Parte delle riforme strutturali entrate in vigore tra la fine del 2018 e il 2019 – orientate ad una maggiore liberalizzazione ed alla riduzione della burocrazia – puntano proprio a questo: trasformare Israele da Start up Nation a Scale Up nation. Le condizioni ci sono. Grazie anche alle produzioni dei grandi giacimenti di gas naturale, questo paese, il cui tallone d’Achille era la dipendenza energetica, presenterà in futuro costi dell’energia sempre più bassi. Per far sì che la metamorfosi avvenga, l’industrializzazione di Israele sarà accompagnata da un piano molto ambizioso: nei prossimi 10 anni sono previsti 55 miliardi di dollari di investimenti in opere infrastrutturali. Per un paese di 8,5 milioni di abitanti, esteso quanto la Lombardia, è davvero tanto. «Oggi – continua Camastra – ci sono grossi investimenti a livello di energia, sia per le fonti rinnovabili, sia nel gas naturale.
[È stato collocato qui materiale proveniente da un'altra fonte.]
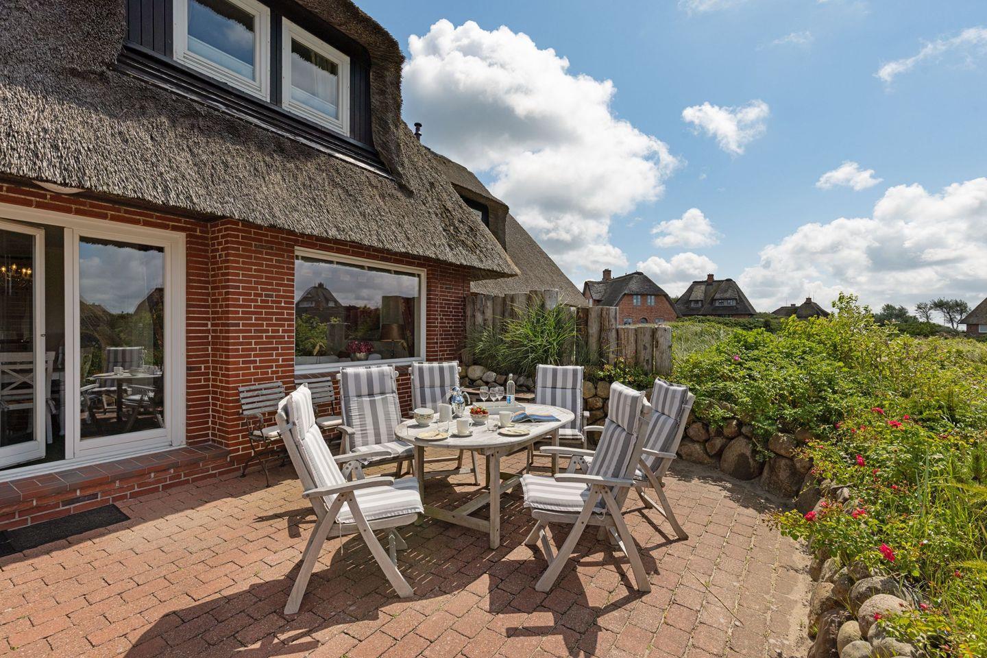 Ihr Ferienhaus "Haus Mellhörn" unter Reet liegt am Lister Ortsrand in erhöhter Lage und mit wunderschöner Aussicht auf die große Wanderdüne mit der einzigartigen Lister Dünen- und Heidelandschaft. Hier ist Sylt noch wirklich ursprünglich und typisch.

Nel settore del trasporto dell’energia si apre un’opportunità interessante per le aziende italiane specializzate, ma occorre una maggiore presenza qui in Israele per avere più successo nelle gare». Un punto di vista confermato dai fatti. Negli ultimi anni il numero di multinazionali straniere che hanno aperto centri di Ricerca e Sviluppo in Israele è impressionante: più di 300, inclusi anche gruppi cinesi. Le grandi imprese italiane sono invece solo due, tra cui Enel. Un decimo di quelle tedesche. Per divenire una Scale up economy Israele ha bisogno dell’Europa, e l’Europa ha bisogno di Israele. Un discorso che vale ancor di più per l’Italia «Siamo complementari – precisa il direttore dell’Ice – perché l’ecosistema italiano rappresenta un’eccellenza nel manifatturiero, quello israeliano è invece un’eccellenza nella ricerca e nell’innovazione. Le start up israeliane interessano a noi, e noi interessiamo a loro». Un connubio vincente che richiede tuttavia un’attività di collaborazione e conoscenza (le iniziative in questa direzione dell’ambasciata italiana e dell’Ice sono numerose). Le opportunità che si aprono sono promettenti, soprattutto nei settori della smart mobility, dei medical device, in quelli dell’intelligenza artificiale, dell’aero-spazio e delle tecnologie legate all’agricoltura. «Israele deve cercare di non vendere subito idee e servizi all’estero, ma passare anche alla produzione» aveva spiegato al «Sole 24 Ore» in aprile Natanel Haiman, capo economista della Confindustria israeliana». La Start up Nation vuole crescere.